Thanks for all the nice words

*Danh & Scuba Kid:* Just curious, how would u not waste this size tank. Thanks for the compliment "really nice"

*lochness:* Don't be jealous sometimes I wish I didn't have such a big one, but once purchased and set up, what can u do, I've seen your 90g, awsome and I envy you for having such a managable size, the times I haven't had the tank running is because of how big and how hard to maintain, and I just need to take some time off.

*cocomania & Chaos553:* The center drfitwood is what I'm proudest in this tank, I don't know if because it looks so good or because I got such a deal on it. $45.00, took a long time to get it at that price though, I kept offering on it for about 2 months, and then the owner just said ok, take it but only cause you've been my customer for so long.

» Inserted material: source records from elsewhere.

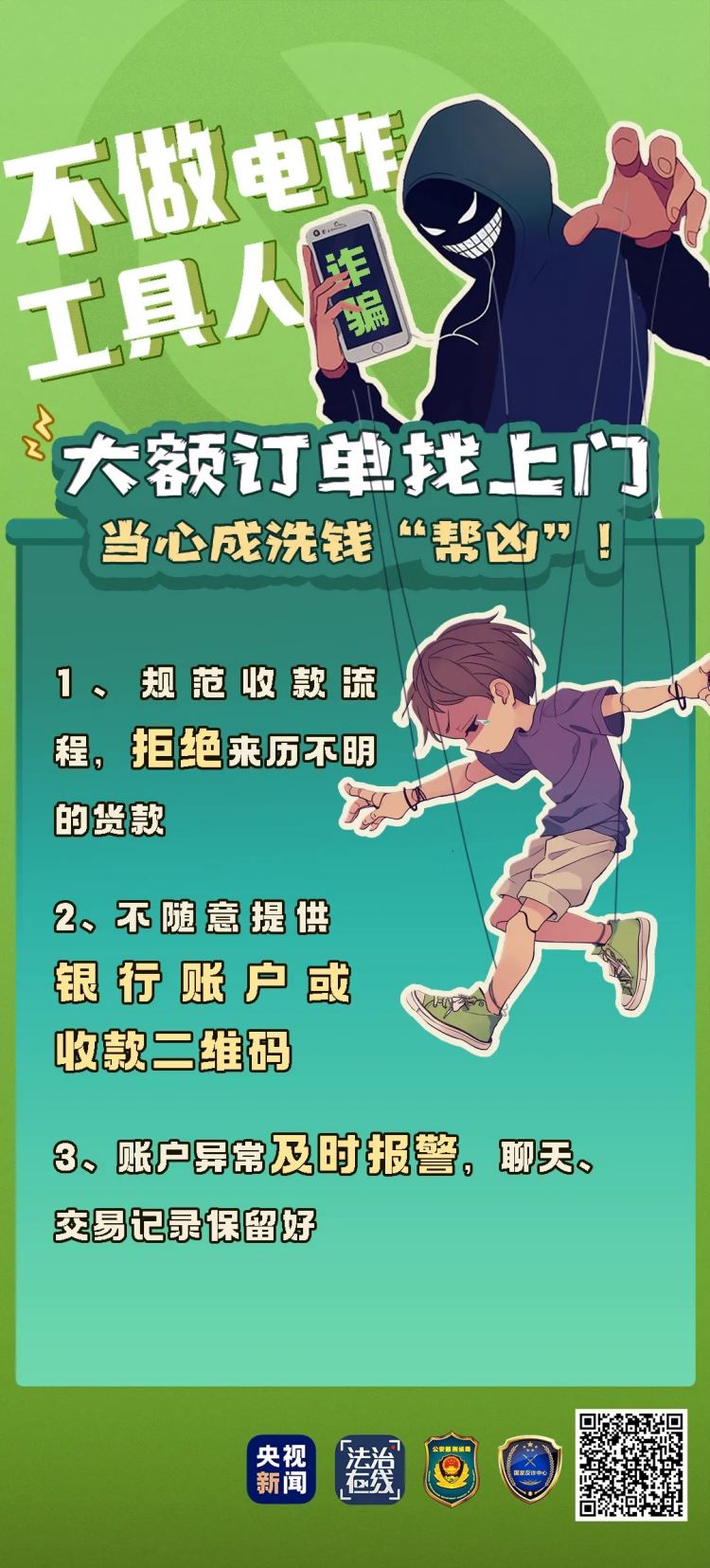 2.不要隨意提供自己的銀行賬戶或收款二維碼,避免無意中成為詐騙分子洗錢的工具;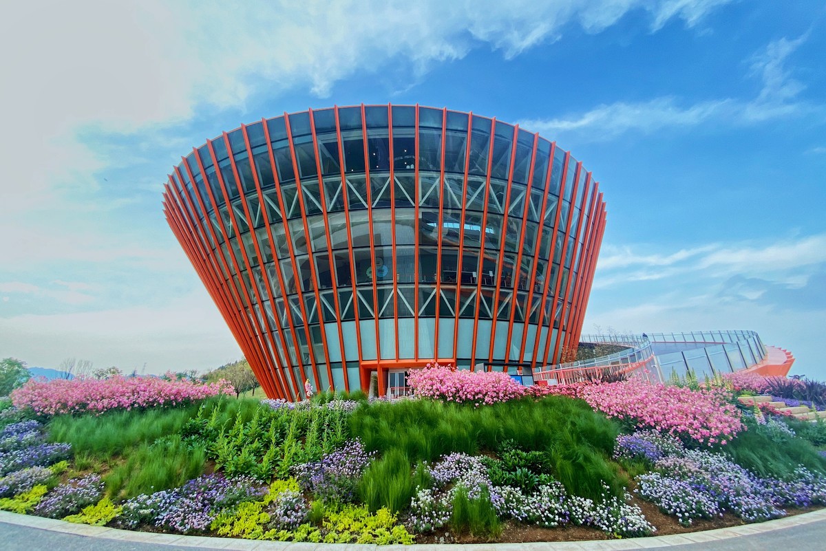 同样新晋为网红打卡地标的,还有今年元旦迎客的成都龙泉山城市森林公园丹景台“城市之眼”。此前,一组航拍图就已在网上广为传播:绿色森林之中,橙红色钢体建筑螺旋向上,从高空俯瞰就像一只眼睛,中间还镶嵌着太阳神鸟。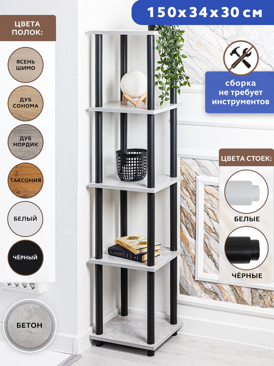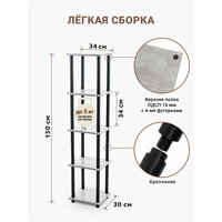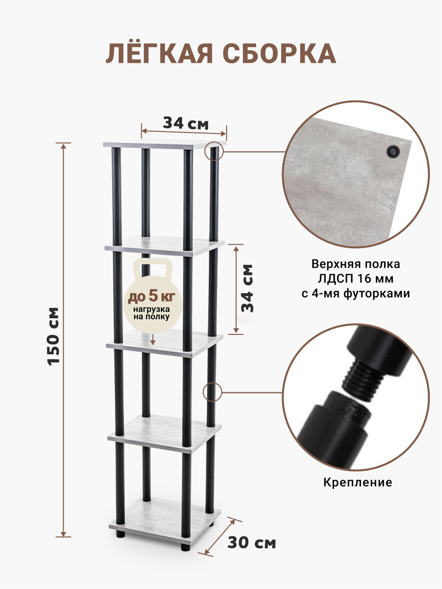 Этажерка деревянная 5 полок Gastrorag - это многофункциональная мебель для дома, дачи, офиса, салона красоты и косметологического кабинета. Мы разработали для вас универсальную и доступную 5 ярусную систему хранения вещей для любой комнаты в вашей квартире: прихожей и коридора, кухни, ванной и туалета, балкона и лоджии, гардеробной, кабинета, гостиной и спальни. Ее можно использовать как шкафчик для обуви и сумок или компактную обувницу в прихожей, полку для гардероба, полочку для полотенец в ванне или стеллаж для кухонной техники, посуды, овощей и фруктов. Она подойдет для хранения одежды и в качестве маленькой напольной книжной этажерки 5 секций для книг, детских игрушек и машинок, декора и предметов интерьера, подставки из дерева для домашних декоративных растений, комнатных цветов и рассады. Из нее получится отличная офисная стойка для папок, документов, канцелярских принадлежностей и оргтехники или этажерка для косметолога, мастера маникюра и педикюра, органайзер для косметики и духов. Открытый высокий стеллаж на пол не загромождает интерьер и придает ему легкость. Вы можете поставить его в угол, узкую нишу или, например, купить несколько штук и собрать из них один большой открытый шкаф, мини стенку или перегородку для зонирования и организации пространства. Этажерка loft пять ярусов укомплектована полками из экологичной ЛДСП класса Е0.5. Изделия из этого материала можно безопасно использовать даже в детской - для ребенка, подростка и школьника. Полочки соединяются между собой стойками из пластиковой трубы диаметром 34 мм. Размер полки 34х30 см, высота мебели в собранном виде 150 см. Расстояние между полками этажерки 34 см, что позволяет размещать на них даже крупногабаритные предметы. Стеллаж ЛДСП пяти полочный имеет небольшой вес, быстро собирается без инструментов и легко переносится с места на место. Благодаря современному минималистичному дизайну 5 секционная этажерка в стиле лофт впишется в любой интерьер. Обратите внимание! Сборку нужно начинать с верхней полки! Допустимая распределенная нагрузка на полку до 5 кг. Для большей устойчивости рекомендуем ставить стеллаж вплотную к стене.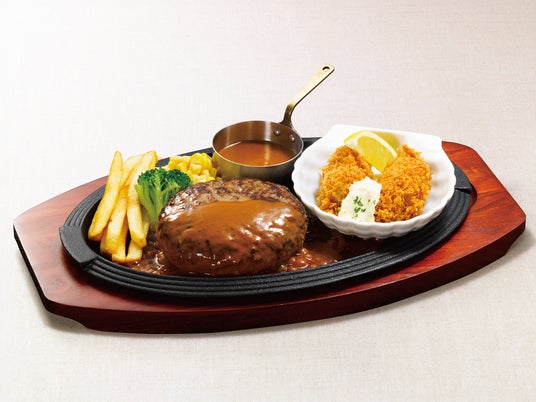 ロイヤルホスト定番の黒×黒ハンバーグ(190g)とジューシーな牡蠣フライを盛り合わせました。素材の味をしっかりと感じられる牡蠣フライを、タルタルソースやレモンと一緒にお楽しみください。また、MSC 認証の岡山県邑久町虫明産の牡蠣を使用しています。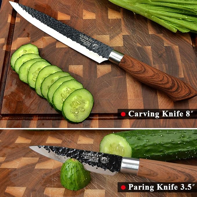 About This ✅ ALL-IN-ONE KNIFE SET,included 8"Chef Knife,8"small Cleaver,8"Carving Knife,3.5"Paring Knife,Scissors,This kitchen knives comes in a beautifully designed and high-quality... Read more
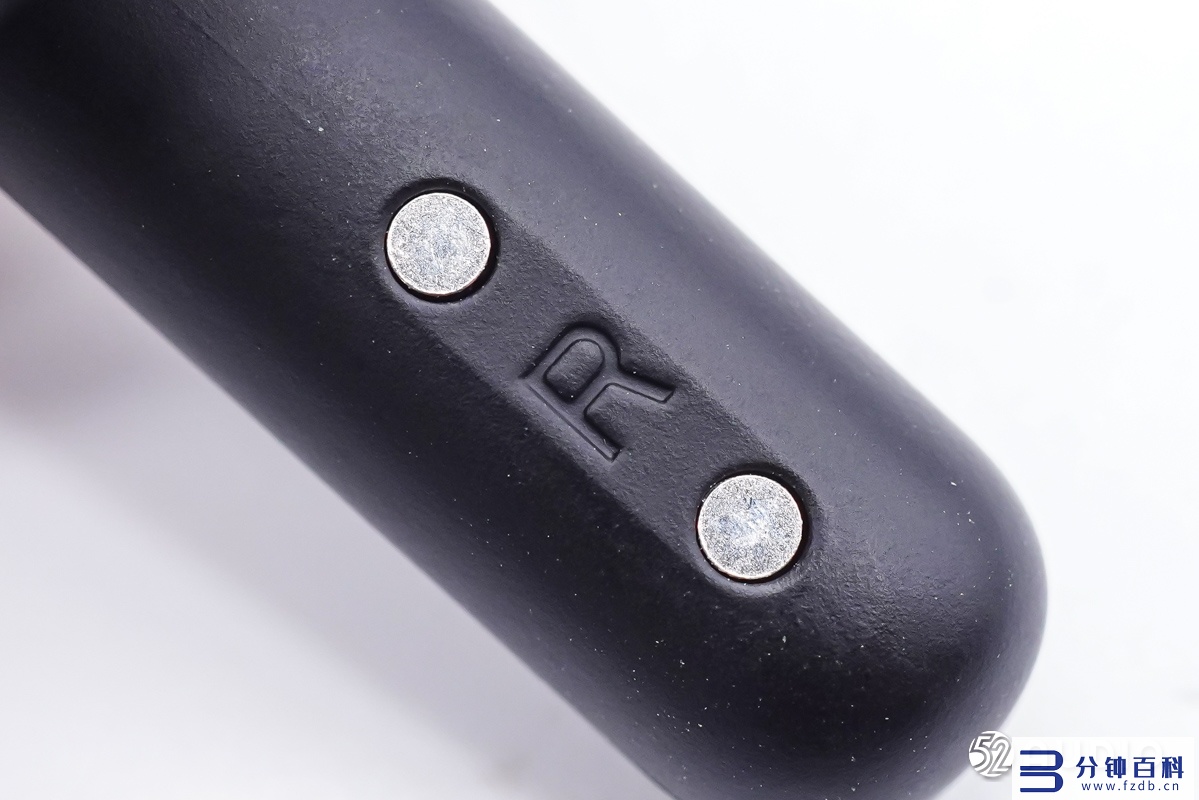 为耳机充电的金属触点特写,中间雕刻有l/r左右标识,便于用户快速区分。
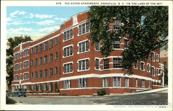 Front: 678 THE ASTON APARTMENTS, ASHEVILLE, N. C. "IN THE LAND OF THE SKY" 1A1472 Back: 150 C. T. AMERICAN ART COLORED
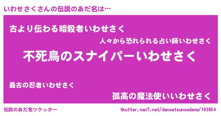 | ヒーロー風カッコイイあだ名 | 『最強戦士イワセサク』『仮面イワダー』 |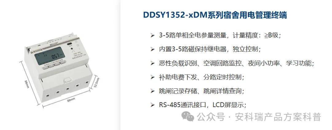 宿舍用电监管升级:预付费电表附带的恶性负载识别功能,可以监测如吹风机、电饭锅、电磁炉和热得快等大功率电器,可在管理系统中报警提示,实现宿舍用电的远程监管,提高学校的管理效率和学生用电**。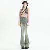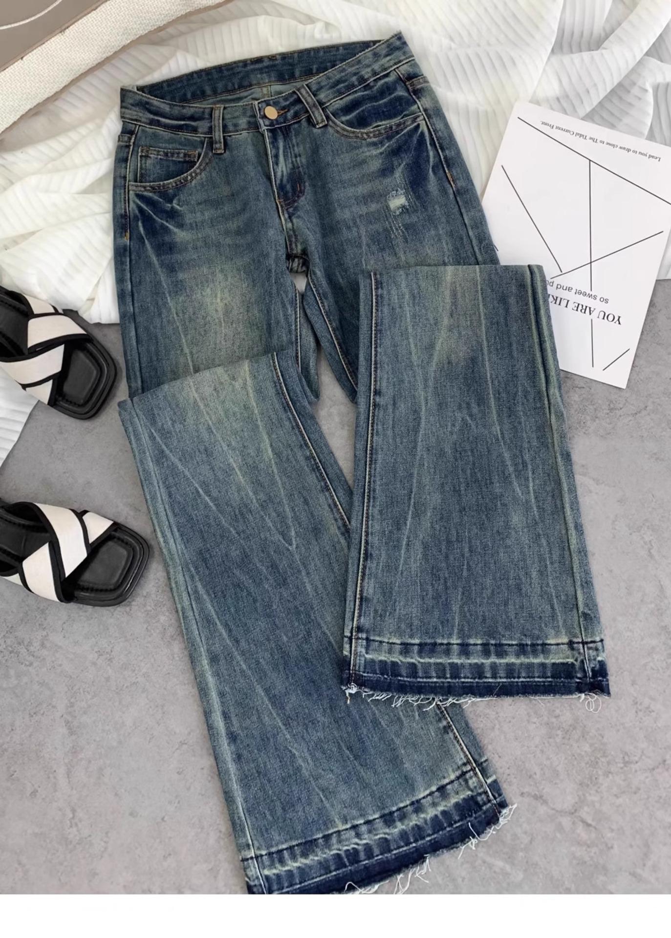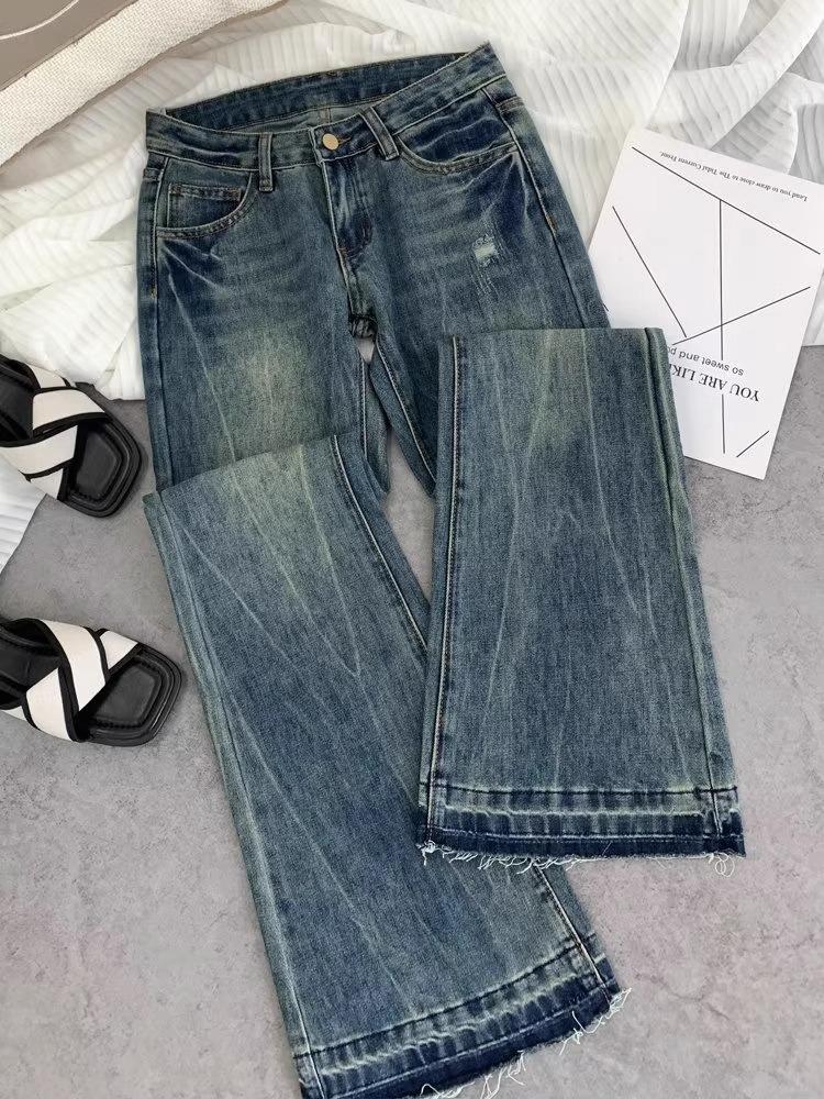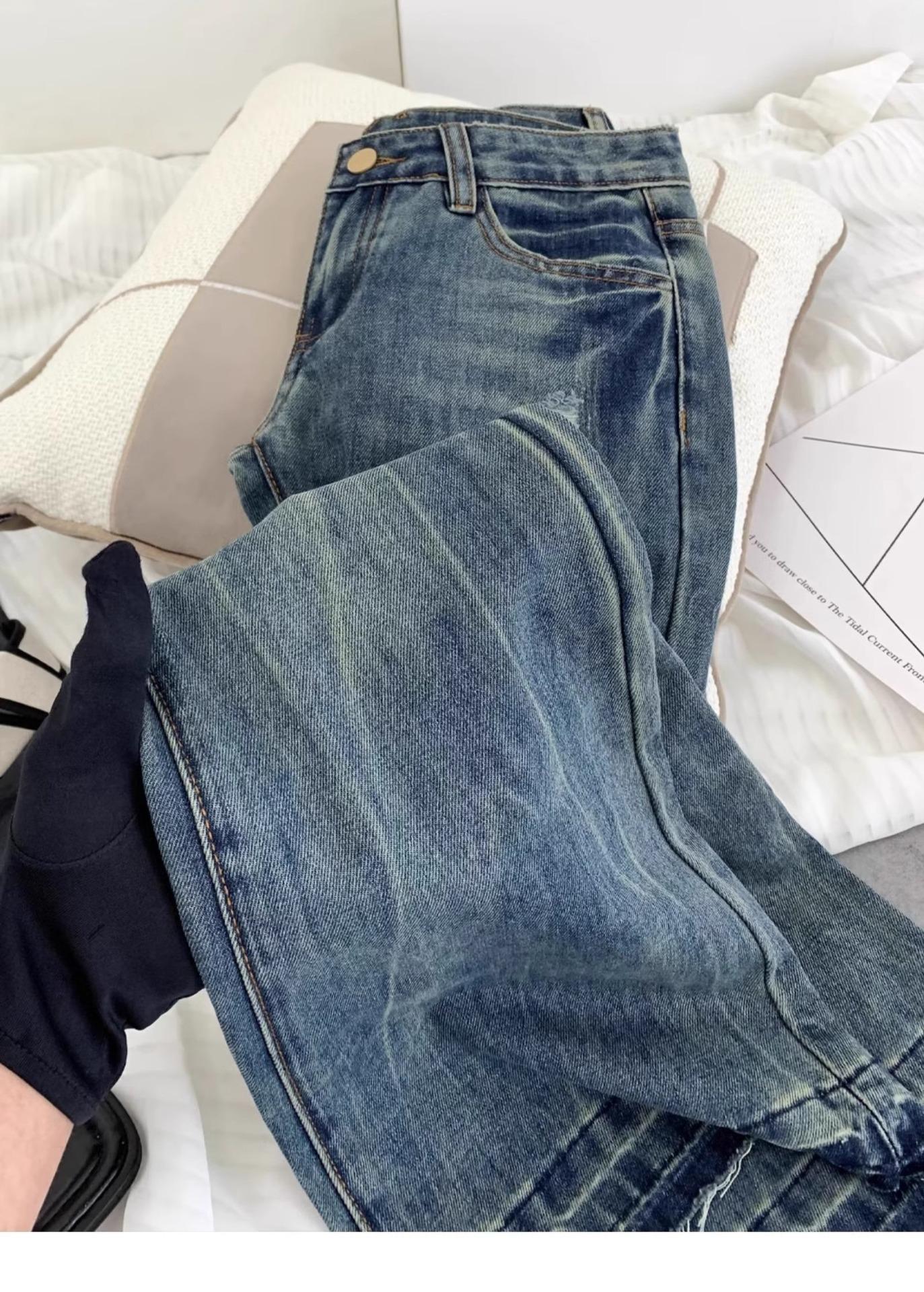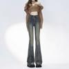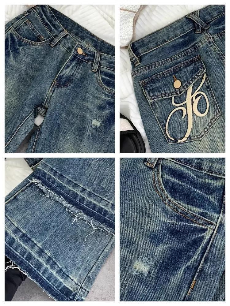 Jeans Retro de Cintura Alta Estilo Americano para Mujer Bordados a la Moda Antigua Combinables Nuevos de Corte Slim Adelgazantes de Trompeta

*joe kool:* You know I tried having live plants at one time with this lighting and what a disaster, everything died, even the swords. You are correct the lighting is standard flourescent, 4-40watt bulbs in zig zag formation with aluminum foil spray glued to the hood top, ballast are in base stand, talk a about DIY. I've always been bothered that both rear corners appear dark, but the electrical bill is not out of control, thats one reason I gave up on live plants. I figured my bill would skyrocket with the lighting needs in such a deep tank with live plants. I checked out the site you included, looks like a nice kit, might look into doing that setup in the future.


----------



## Guest (Dec 15, 2007)

Very nice! I love it . If only I had a 220...


----------



## Guest (Dec 15, 2007)

bigfish said:


> *Danh & Scuba Kid:* Just curious, how would u not waste this size tank. Thanks for the compliment "really nice"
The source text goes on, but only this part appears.